A website dedicated to athletics literature / Women in Athletics - from 1950-2012

The second half of the 20th century began with women athletes recognised around the world and with a stable organisation.  In 1951, however, when Ross and Norris McWhirter attempted to put together a history of women’s performances they commented that in comparison to men’s athletics “the sport is ill-documented and strange decisions, oversights, and lapses concerning records tend to be the rule rather than the exception”.  Within three years this proved to be of historic and academic interest only, as women rewrote every world record.

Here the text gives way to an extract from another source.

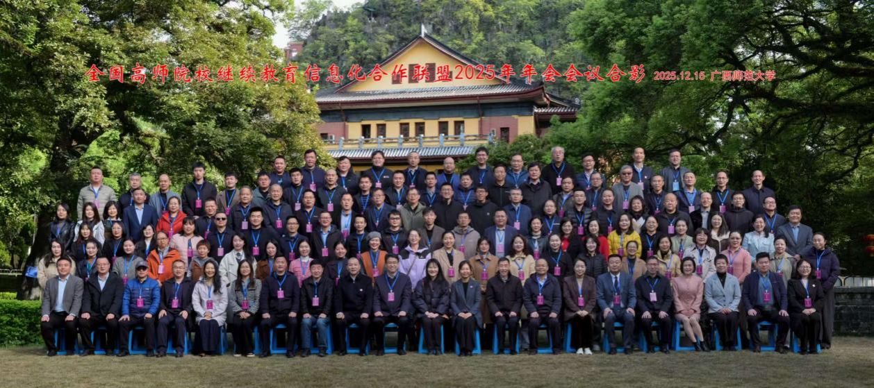 2025年12月14日至17日,全国高师院校继续教育信息化合作联盟2025年年会在广西师范大学隆重举行。教育部职业教育与成人教育司高等继续教育处副处长徐璐,广西师范大学党委常委、副校长沈星灿以及来自哈尔滨师范大学、河南师范大学、四川师范大学、云南师范大学等多所高校和联盟秘书处单位新继教网等逾130位代表齐聚一堂,共商数字化时代继续教育高质量发展大计。我校继续教育学院院长南麒带队参加了此次会议。

The photograph of Paula Radcliffe was kindly provided by Mark Shearman

 

1950–1974.

The Old Taboos Crumble.  In this period, the old taboos on women running endurance events slowly began to crumble.  In 1960, the 800m returned to the Olympic Programme, and in 1969 the 1500m was included in the European Championships, the first major championship to stage the event.  In 1974 the 3000m was added to the international list of events, and in 1970 the Road Runners Club of America organised the first championship Marathon for women.  Other events were reconsidered too.  In 1968 the 80m Hurdles was deemed too great a concession to the fact that women tend to be shorter than men, and the event was replaced with the 100m Hurdles.  In the Pentathlon new scoring tables were introduced in 1954 and 1971.  The 4x400m Relay was added to the world record list in 1969, and the 400m Hurdles in 1974.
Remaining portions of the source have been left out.